The scale of transnational challenges, and the emerging implications of fragmentation, are exceeding the capacity of existing systems and structures, highlighting the third theme: disequilibrium. There is an increasing mismatch at all levels between challenges and needs with the systems and organizations to deal with them. The international system—including the organizations, alliances, rules, and norms—is poorly set up to address the compounding global challenges facing populations. The COVID-19 pandemic has provided a stark example of the weaknesses in international coordination on health crises and the mismatch between existing institutions, funding levels, and future health challenges. Within states and societies, there is likely to be a persistent and growing gap between what people demand and what governments and corporations can deliver. From Beirut to Bogota to Brussels, people are increasingly taking to the streets to express their dissatisfaction with governments’ ability to meet a wide range of needs, agendas, and expectations. As a result of these disequilibriums, old orders—from institutions to norms to types of governance—are strained and in some cases, eroding. And actors at every level are struggling to agree on new models for how to structure civilization.

A key consequence of greater imbalance is greater contestation within communities, states, and the international community. This encompasses rising tensions, division, and competition in societies, states, and at the international level. Many societies are increasingly divided among identity affiliations and at risk of greater fracturing. Relationships between societies and governments will be under persistent strain as states struggle to meet rising demands from populations. As a result, politics within states are likely to grow more volatile and contentious, and no region, ideology, or governance system seems immune or to have the answers. At the international level, the geopolitical environment will be more competitive—shaped by China’s challenge to the United States and Western-led international system. Major powers are jockeying to establish and exploit new rules of the road. This contestation is playing out across domains from information and the media to trade and technological innovations.

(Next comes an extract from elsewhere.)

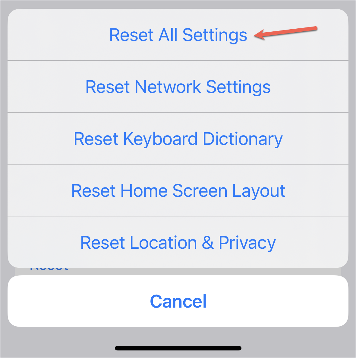Select ‘Reset All Settings’ from the menu and proceed with any instructions on the screen.

Finally, adaptation will be both an imperative and a key source of advantage for all actors in this world. Climate change, for example, will force almost all states and societies to adapt to a warmer planet. Some measures are as inexpensive and simple as restoring mangrove forests or increasing rainwater storage; others are as complex as building massive sea walls and planning for the relocation of large populations. Demographic shifts will also require widespread adaption. Countries with highly aged populations like China, Japan, and South Korea, as well as Europe, will face constraints on economic growth in the absence of adaptive strategies, such as automation and increased immigration. Technology will be a key avenue for gaining advantages through adaptation. For example, countries that are able to harness productivity boosts from artificial intelligence (AI) will have expanded economic opportunities that could allow governments to deliver more services, reduce national debt, finance some of the costs of an aging population, and help some emerging countries avoid the middle-income trap. The benefits from technology like AI will be unevenly distributed within and between states, and more broadly, adaptation is likely to reveal and exacerbate inequalities. The most effective states are likely to be those that can build societal consensus and trust toward collective action on adaptation and harness the relative expertise, capabilities, and relationships of nonstate actors to complement state capacity.